Transparent and Bendable Silica Aerogels Integrated with CsxWO3 Films for Photothermal Temperature Self-Regulating Systems

Constructing a solar-powered photothermal system that can self-regulate temperature without requiring extra energy input is significant for energy saving, but how to achieve zero-energy building remains challenging. Here, a photothermal system that integrates sunlight harvesting, photothermal conversion (PTC), and heat storage was constructed. Well-developed nanoscale pore silica aerogels with high transparency (visible-light transmittance 69.3%, near-infrared transmittance 86.9%), bending resistance (bending angle >30°), and low thermal conductivity were prepared by the interpenetration of C and Si molecular networks using vinyltrimethoxysilane as the silica source, which was used as a window material for the temperature self-regulating system to block heat loss and allow sunlight transmission.

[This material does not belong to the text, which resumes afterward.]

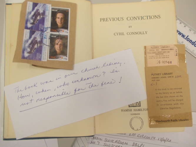Due back on 16 October 1964, the novel ‘Previous Convictions’ by Cyril Connolly was returned with a handwritten note from a Mr Johnson from Athens, who wrote: “This book was in our church library. I’m not responsible for the fine!”

Simultaneously, the prepared CsxWO3 (CWO) film with PTC could convert sunlight into heat. Also, PEG 2000 is introduced into the system with a suitable phase transition temperature to further realize temperature self-regulation within a certain range. The outdoor simulation test results showed that the system could heat water to 69.8 °C using sunlight in cold weather around 0 °C, which was 67.6 °C higher than the ambient temperature and can stay above 18 °C for about 20 h, and even in cloudy weather, it could reach 58.2 °C. The highly transparent silica aerogel is given the ability to resist bending, which opens up more application prospects for silica aerogels, and the constructed self-regulating temperature system without additional energy input contributes to the development of the zero-energy building.